Für was steht also die Talkshow in dieser Zeit? Für Entertainment, für Ablenkung, vielleicht sogar für Eskapismus, wenn man es gerade mal braucht? Oder soll man doch vielleicht sogar etwas lernen? Über die Welt und über sich selbst? Neue Zugänge erlauben, vielleicht sich sogar mit ganz anderen Meinungen konfrontieren?

Why not both! „The Choe Show“ trägt den Mantel der bunt-bemalten Ästhethik, die an die Hochzeit des Public-Access-TVs erinnert, als Menschen wie Tom Green Anarchismus und Provokation vor Livepublikum zelebrierten oder Comedian Chris Gethard am Telefon mit Gästen diskutierte.

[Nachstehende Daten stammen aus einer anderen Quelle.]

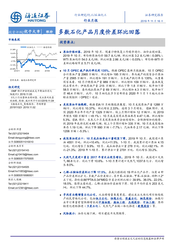 【海通证券】【20191116】20191116-海通证券-石油化工行业月报:多数石化产品月度价差环比回落-9页
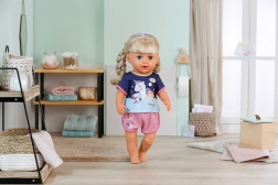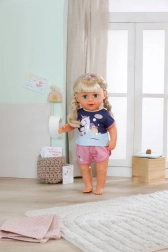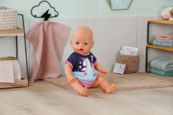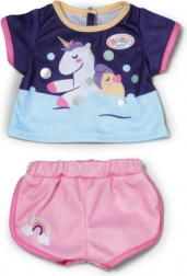 Ce pyjama confortable avec t-shirt doux et short rose est conçu pour les poupées BABY born 43 cm. Grâce à la taille élastique et à l’astucieuse coupe Easy Fit, les enfants peuvent l’enfiler tout seuls, pour plus de jeu autonome et des scénarios de rôle avant le coucher.
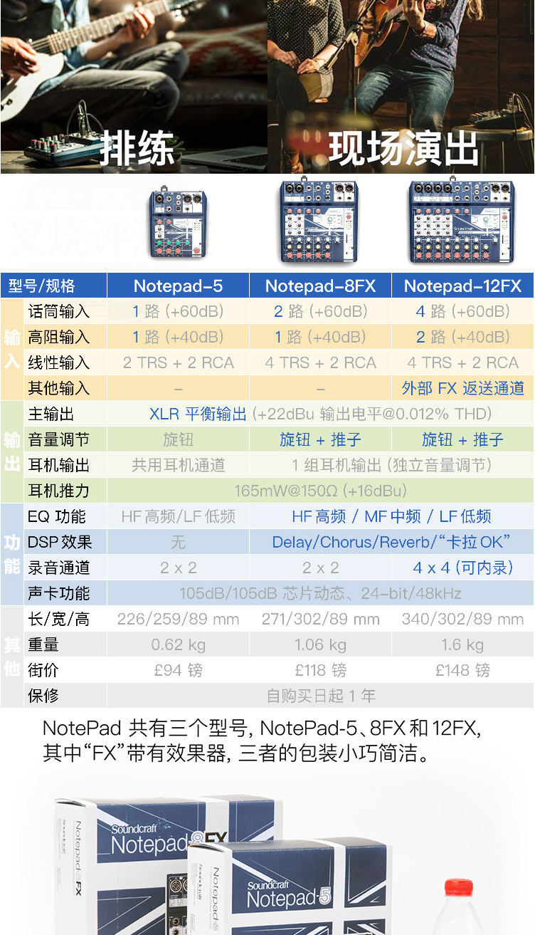 Soundcraft NotePad series professional mixer live broadcast conference reverb effect mixer stage performance recording sound card NotePad-12FX
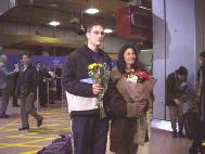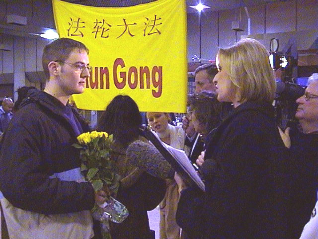 我们到达希斯罗机场后,由于我们的座位在最后,所以最后一个出关。英国功友手持鲜花迎接我们。多家媒体现场对我们进行采访,他们包括:来自路透社、BBC、来自Daily Mail的及大.纪.元;报的记者。三名录像师和一名法轮功学员录下了45分钟的现场采访。后续的电视和电台采访也同时敲定。
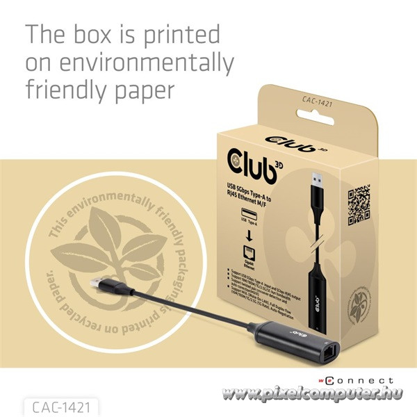 A prémium anyaghasználatnak és a kompakt méretnek köszönhetően a Club 3D CAC-1421 minden környezetben helytáll. Az eszköz 12 cm-es kábellel és strapabíró házzal rendelkezik, így ideális utazásokhoz is. A biológiailag lebomló csomagolás és az újrahasznosított anyagok használata a Club 3D környezetbarát szemléletét tükrözi – így nemcsak gyors, hanem tudatos választás is. A Pixelcomputer vásárlói szerint ez az adapter hosszú távon is megbízható, és tökéletesen helyettesíti a beépített hálózati portokat modern notebookokon.
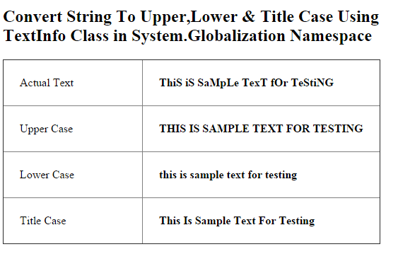 But using cultureinfo and textinfo classes we can do title case of a string. Makes everything lowercase except the first character and i. There is no direct method like toupper tolower for title case. Convert string to title case.
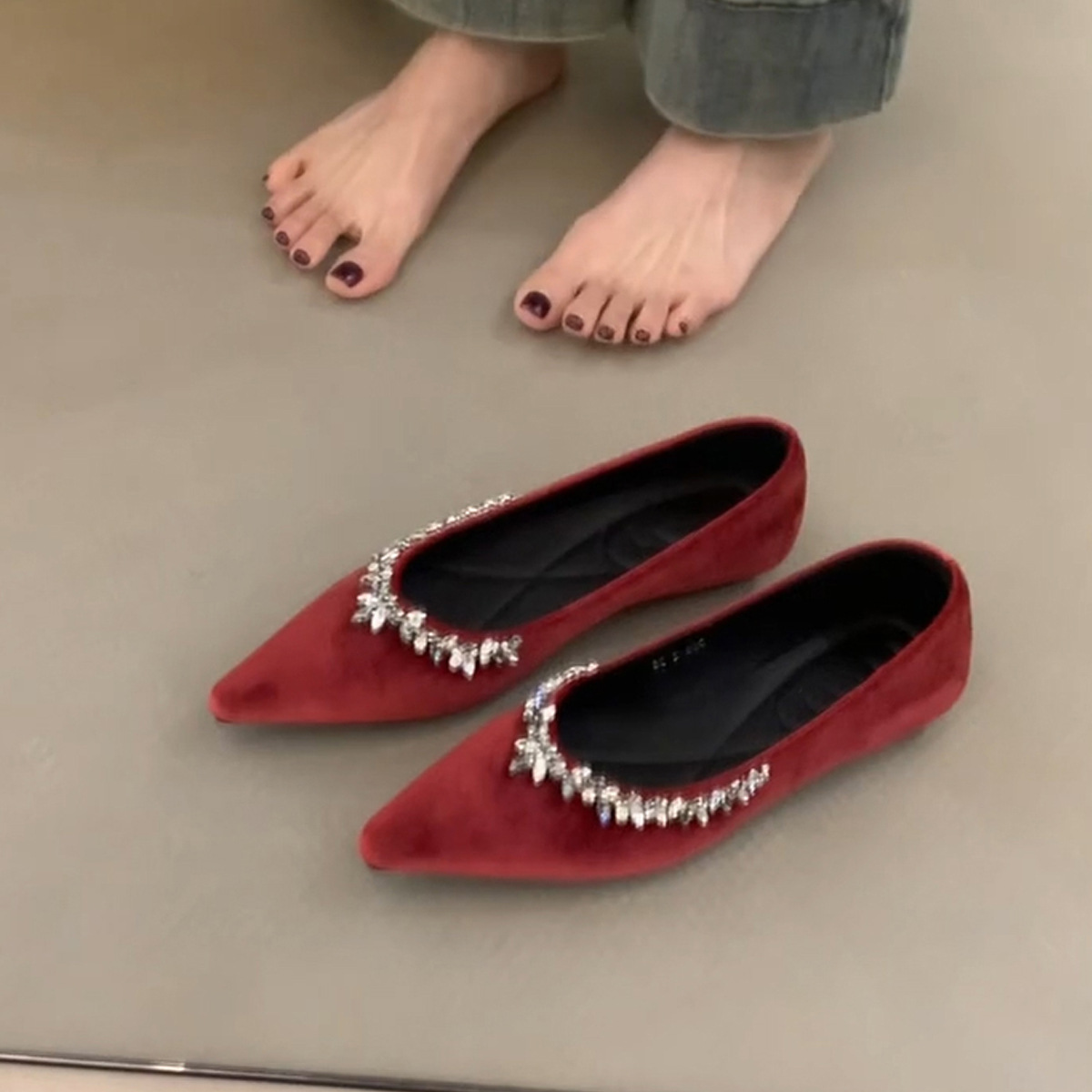 부드러운 가죽 버전 ~ 여성 통근용 뾰족한 라인스톤 플랫슈즈, 슬립온 이브닝 슈즈, 프렌치 펌프스, 웨딩슈즈스토어 가기
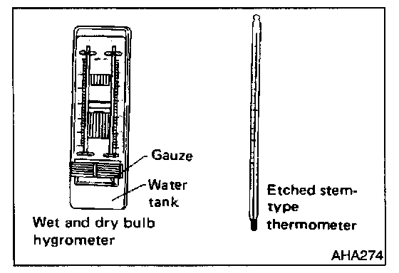 An etched stem-type thermometer and a hygrometer can be used to check the air conditioning system performance. A hygrometer is used because the air conditioning performance depends on the humidity.
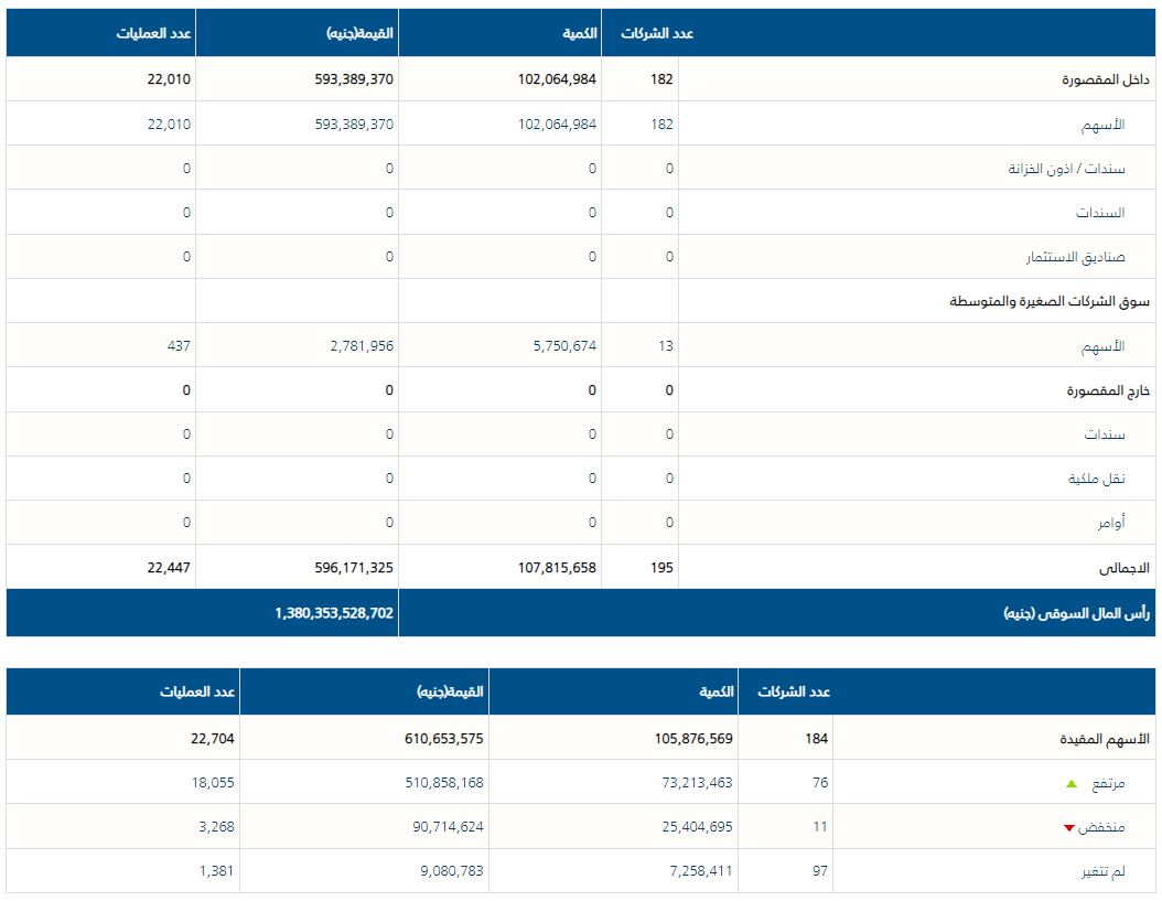 وتباينت مؤشرات البورصة بختام تعاملات الأربعاء الماضي، وسجل رأس المال السوقي نحو 1.325 تريليون جنيه، ونحو 2.9 مليار جنيه.
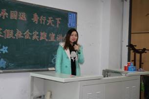 首先上台发言的是校实践学术部副部长苏蕾,她从多方面解析了团发文,为同学们初步介绍社会实践的具体内容,讲述了本次实践的四大主题,让大一同学对寒假社会实践有了初步了解。其中她重点强调了论文的格式要求,并希望每一个同学认真对待寒假社会实践活动。
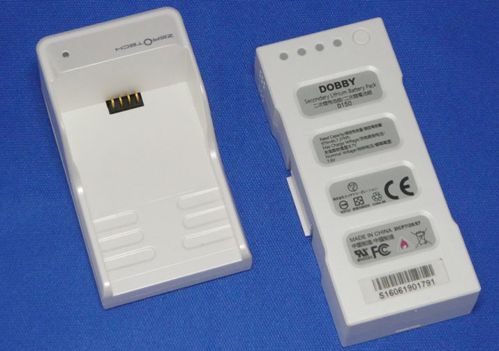 ドローンを飛ばす際に重要になってくるのがバッテリーの持続時間だが、DOBBYはカタログスペックで約9分となっている。実際に飛ばしてもそのくらいなのだが、なんだかんだといって飛ばして楽しんでいるとアッという間にバッテリー切れとなるので、バッテリー1本では少々物足りなさを感じる。DOBBYを本気で使い倒したいなら、予備バッテリーは必須で、2〜3本は用意しておきたいところだ。

Dahinter ist ein echter Diamant zu finden: Menschen, die darüber sprechen, was ihnen am Herzen liegt. Die ignorieren, wie stark oder schwach sie denn aufgrund ihrer Sozialisierung jetzt sein sollten. Offene Diskussionen, offene Auseinandersetzung mit den eigenen Problemen und Schwierigkeiten - und dann vor allem gegenseitiger Support. Mental Health ist eines der wichtigsten gesellschaftlichen Themen, David Choe schafft es, die Wichtigkeit davon in 30 Minuten Entertainment zu verpacken. Wie seine Bilder eben: Bunte, grobe Farben auf der Oberfläche und darunter detaillierte, fein gezeichnete Betrachtungen. Hier der Wunsch nach mehr solchen Sendungen, die es schaffen, zeitgemäßes, hilfreiches und sinnvolles Entertainment aus den Stärken der klassischen TV-Unterhaltung zu erschaffen.